*DATASET CONTENT*.

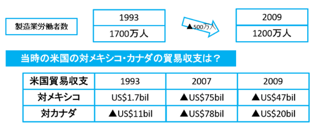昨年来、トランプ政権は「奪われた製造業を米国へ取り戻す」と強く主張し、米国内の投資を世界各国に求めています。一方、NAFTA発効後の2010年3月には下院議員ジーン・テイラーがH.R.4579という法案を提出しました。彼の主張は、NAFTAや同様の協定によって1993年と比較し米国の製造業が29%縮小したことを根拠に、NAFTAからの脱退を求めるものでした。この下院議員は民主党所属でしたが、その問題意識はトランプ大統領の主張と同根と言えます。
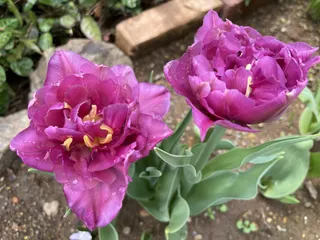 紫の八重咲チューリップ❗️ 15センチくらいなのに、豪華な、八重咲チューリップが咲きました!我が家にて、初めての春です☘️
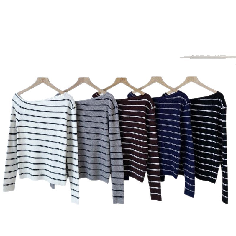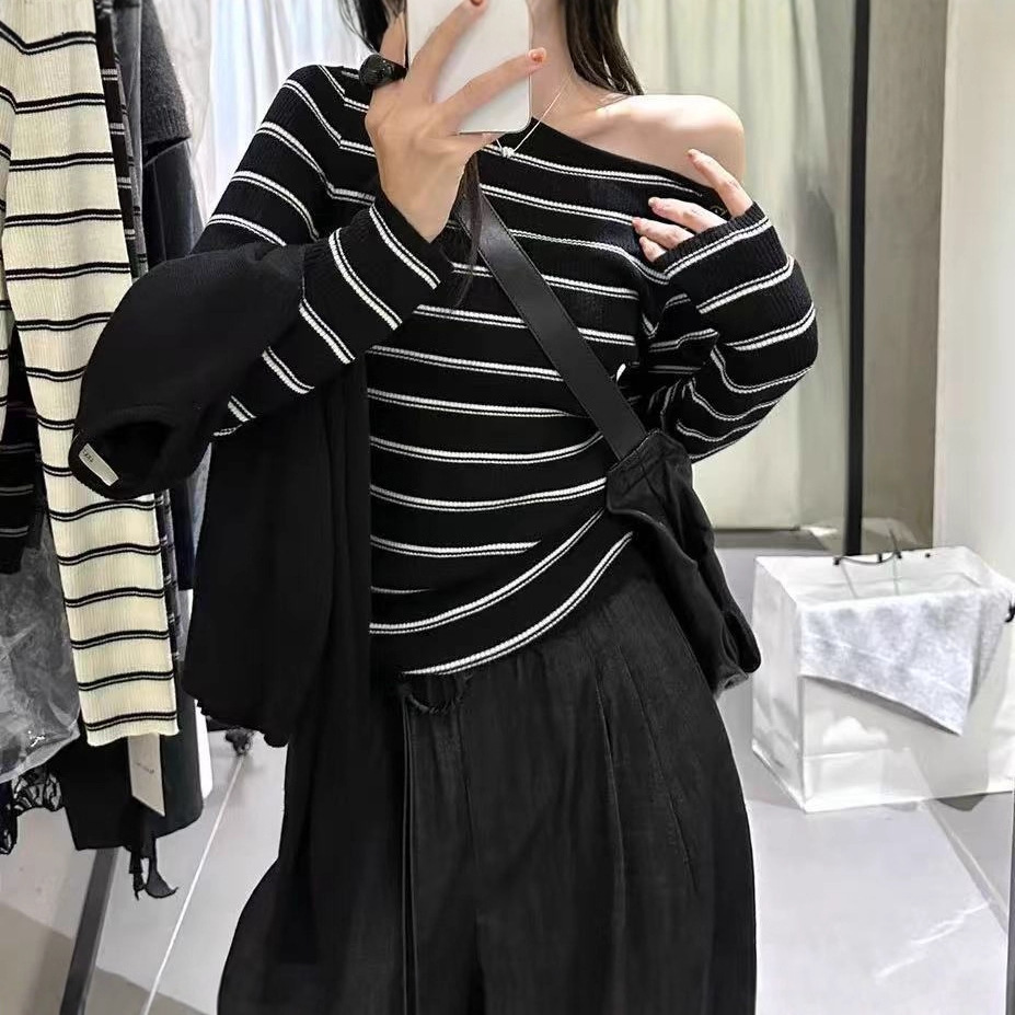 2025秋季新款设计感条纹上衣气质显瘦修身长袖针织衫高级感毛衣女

*TASK DESCRIPTION*. Here the requirement is to restate exactly the line holding "紫の八重咲チューリップ❗️ 15センチく" and every later line through the end of the material, omitting pictures.

*RESULT OF THE EXERCISE*.
 紫の八重咲チューリップ❗️ 15センチくらいなのに、豪華な、八重咲チューリップが咲きました!我が家にて、初めての春です☘️
 2025秋季新款设计感条纹上衣气质显瘦修身长袖针织衫高级感毛衣女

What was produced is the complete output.